■ Exercise brief:
Transcribe the data that follows in full. Leave out the pictures.
►
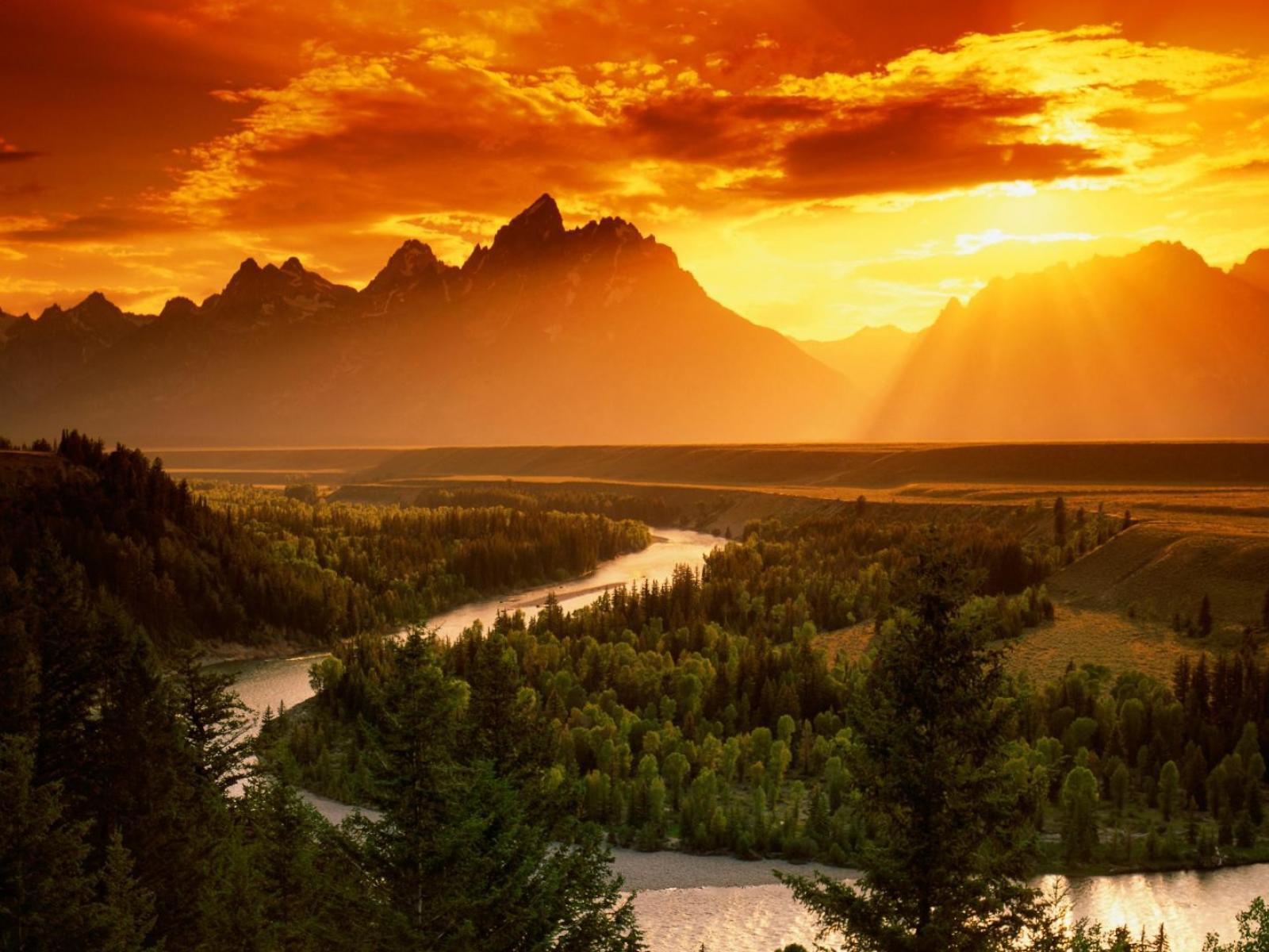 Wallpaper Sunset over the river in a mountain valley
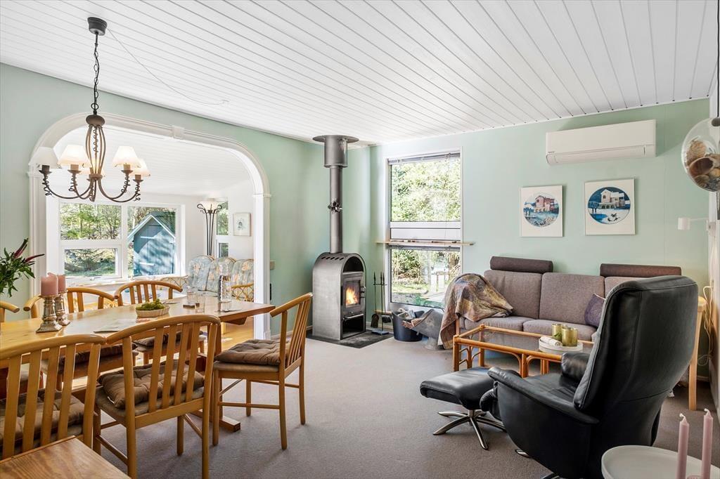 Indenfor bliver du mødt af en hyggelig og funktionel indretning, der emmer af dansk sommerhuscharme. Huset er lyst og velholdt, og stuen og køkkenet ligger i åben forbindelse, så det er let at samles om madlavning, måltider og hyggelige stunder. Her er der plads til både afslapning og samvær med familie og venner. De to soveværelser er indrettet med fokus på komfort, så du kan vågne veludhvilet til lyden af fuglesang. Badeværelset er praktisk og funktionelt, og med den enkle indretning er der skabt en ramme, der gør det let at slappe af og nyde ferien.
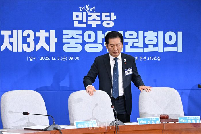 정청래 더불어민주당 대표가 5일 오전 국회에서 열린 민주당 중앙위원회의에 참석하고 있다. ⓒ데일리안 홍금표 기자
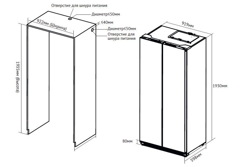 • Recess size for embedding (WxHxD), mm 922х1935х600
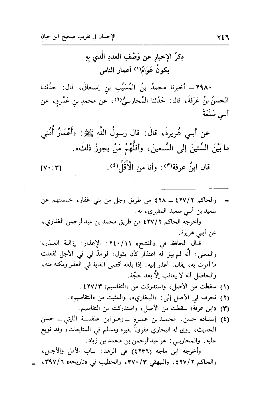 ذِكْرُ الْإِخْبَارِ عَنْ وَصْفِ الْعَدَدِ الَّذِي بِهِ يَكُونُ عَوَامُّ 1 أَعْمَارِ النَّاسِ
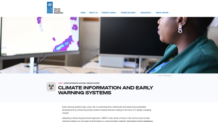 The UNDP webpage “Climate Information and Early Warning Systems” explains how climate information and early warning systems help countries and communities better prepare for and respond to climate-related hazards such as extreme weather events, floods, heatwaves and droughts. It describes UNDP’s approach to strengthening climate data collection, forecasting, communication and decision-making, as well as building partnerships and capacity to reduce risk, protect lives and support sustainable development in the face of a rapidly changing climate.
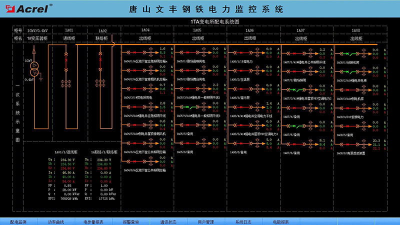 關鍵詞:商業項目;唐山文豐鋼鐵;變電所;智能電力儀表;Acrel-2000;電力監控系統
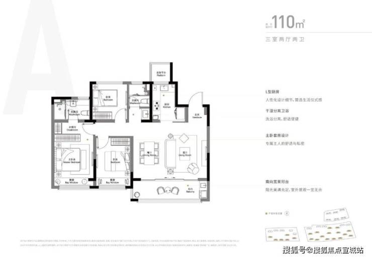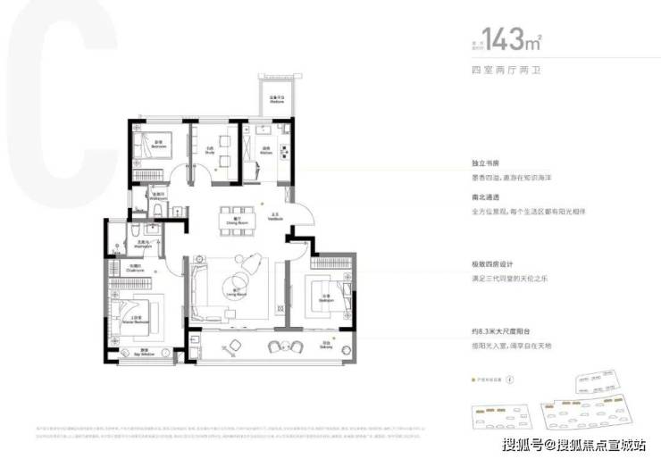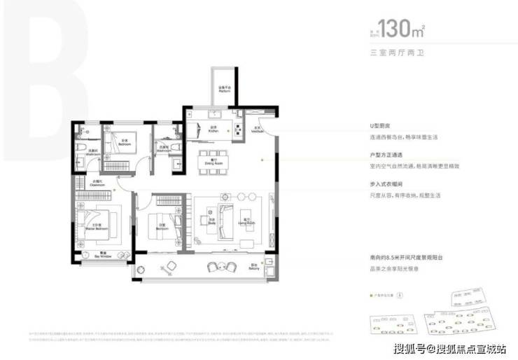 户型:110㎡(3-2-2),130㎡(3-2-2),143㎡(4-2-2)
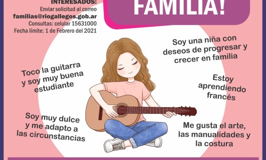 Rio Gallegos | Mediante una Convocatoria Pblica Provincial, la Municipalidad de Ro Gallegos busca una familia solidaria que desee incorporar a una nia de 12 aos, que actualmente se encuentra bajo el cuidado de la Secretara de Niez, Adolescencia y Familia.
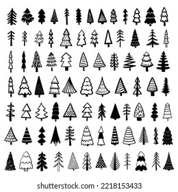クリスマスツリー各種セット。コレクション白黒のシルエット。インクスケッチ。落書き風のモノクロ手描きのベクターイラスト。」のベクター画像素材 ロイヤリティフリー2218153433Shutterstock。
◄
■ Task solution:
 Wallpaper Sunset over the river in a mountain valley
 Indenfor bliver du mødt af en hyggelig og funktionel indretning, der emmer af dansk sommerhuscharme. Huset er lyst og velholdt, og stuen og køkkenet ligger i åben forbindelse, så det er let at samles om madlavning, måltider og hyggelige stunder. Her er der plads til både afslapning og samvær med familie og venner. De to soveværelser er indrettet med fokus på komfort, så du kan vågne veludhvilet til lyden af fuglesang. Badeværelset er praktisk og funktionelt, og med den enkle indretning er der skabt en ramme, der gør det let at slappe af og nyde ferien.
 정청래 더불어민주당 대표가 5일 오전 국회에서 열린 민주당 중앙위원회의에 참석하고 있다. ⓒ데일리안 홍금표 기자
 • Recess size for embedding (WxHxD), mm 922х1935х600
 ذِكْرُ الْإِخْبَارِ عَنْ وَصْفِ الْعَدَدِ الَّذِي بِهِ يَكُونُ عَوَامُّ 1 أَعْمَارِ النَّاسِ
 The UNDP webpage “Climate Information and Early Warning Systems” explains how climate information and early warning systems help countries and communities better prepare for and respond to climate-related hazards such as extreme weather events, floods, heatwaves and droughts. It describes UNDP’s approach to strengthening climate data collection, forecasting, communication and decision-making, as well as building partnerships and capacity to reduce risk, protect lives and support sustainable development in the face of a rapidly changing climate.
 關鍵詞:商業項目;唐山文豐鋼鐵;變電所;智能電力儀表;Acrel-2000;電力監控系統
 户型:110㎡(3-2-2),130㎡(3-2-2),143㎡(4-2-2)
 Rio Gallegos | Mediante una Convocatoria Pblica Provincial, la Municipalidad de Ro Gallegos busca una familia solidaria que desee incorporar a una nia de 12 aos, que actualmente se encuentra bajo el cuidado de la Secretara de Niez, Adolescencia y Familia.
クリスマスツリー各種セット。コレクション白黒のシルエット。インクスケッチ。落書き風のモノクロ手描きのベクターイラスト。」のベクター画像素材 ロイヤリティフリー2218153433Shutterstock。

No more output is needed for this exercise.